The data:

╭──

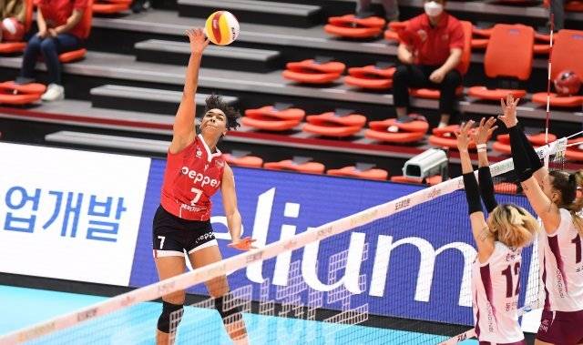 외국인 드래프트 전체 1순위로 페퍼저축은행 유니폼을 입은 엘리자벳(22)은 이날 1세트에t서 6득점을 하는 등 양 팀 최다인 22득점(공격성공률 36.36%)을 올렸다.
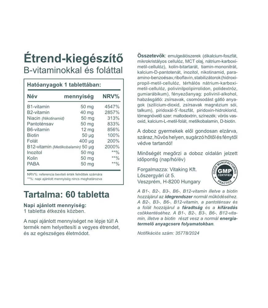 A Mega B-50 egy remek, valóban nagy potenciájú étrend-kiegészítő, ami tartalmazza az összes B vitamint, ami szükséges a szervezetének. A B-vitamin valójában nem egyetlen vitamint takar, hanem egy egész vitamin családot (B1, B2, B3, B6, folsav, B12, biotin és pantoténsav). Így tehát, mivel a különböző B-vitaminok szorosan kötődnek egymáshoz, célszerű őket együtt fogyasztani. A megújult Vitaking Mega-50 a folsavat folát formában tartalmazza, ami folsav természetben előforduló formája.
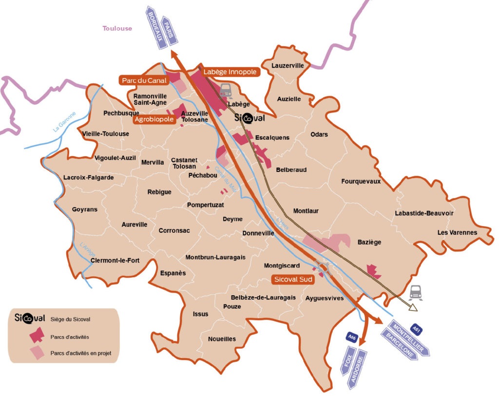Territoire de contrastes mêlant espace urbain et environnement rural, la communauté d’agglomération du SICOVAL rassemble 36 communes du sud-est toulousain.
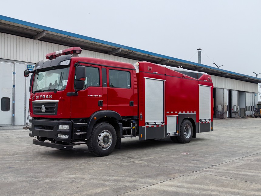 汕德卡7.2噸泡沫消防車采用中國重汽集團濟南商用車ZZ5206N471GF5底盤改裝而成。整車由消防員乘員室和車身兩大部分組成,乘員室為原裝雙排,可乘坐2+4人,該車為外露罐結構,車身前部為器材箱,中部為罐體,后部為泵房。載液罐體為優質碳鋼,內部噴涂環氧底漆及環氧瀝青漆,與底盤采用彈性連接,載水量4950kg,泡沫液量2200kg,裝備了上海雄真消防設備有限公司生產CB10/60-XZ型常壓消防泵,額定流量60L/S,車頂安裝成都威斯特消防機械有限公司生產的PL8/48型車用消防炮。該車最大的特點是載液量大、操控性好、維修簡便。可廣泛應用于公安消防隊、廠礦企業及社區、碼頭等場所,撲救大型油類火災和一般物質火災。

╰──

Exercise objective:
Omit the pictures and return exactly the lines from the line containing "Territoire de contrastes" through the final line of the material above, both ends included.

Solution to the exercise:
Territoire de contrastes mêlant espace urbain et environnement rural, la communauté d’agglomération du SICOVAL rassemble 36 communes du sud-est toulousain.
 汕德卡7.2噸泡沫消防車采用中國重汽集團濟南商用車ZZ5206N471GF5底盤改裝而成。整車由消防員乘員室和車身兩大部分組成,乘員室為原裝雙排,可乘坐2+4人,該車為外露罐結構,車身前部為器材箱,中部為罐體,后部為泵房。載液罐體為優質碳鋼,內部噴涂環氧底漆及環氧瀝青漆,與底盤采用彈性連接,載水量4950kg,泡沫液量2200kg,裝備了上海雄真消防設備有限公司生產CB10/60-XZ型常壓消防泵,額定流量60L/S,車頂安裝成都威斯特消防機械有限公司生產的PL8/48型車用消防炮。該車最大的特點是載液量大、操控性好、維修簡便。可廣泛應用于公安消防隊、廠礦企業及社區、碼頭等場所,撲救大型油類火災和一般物質火災。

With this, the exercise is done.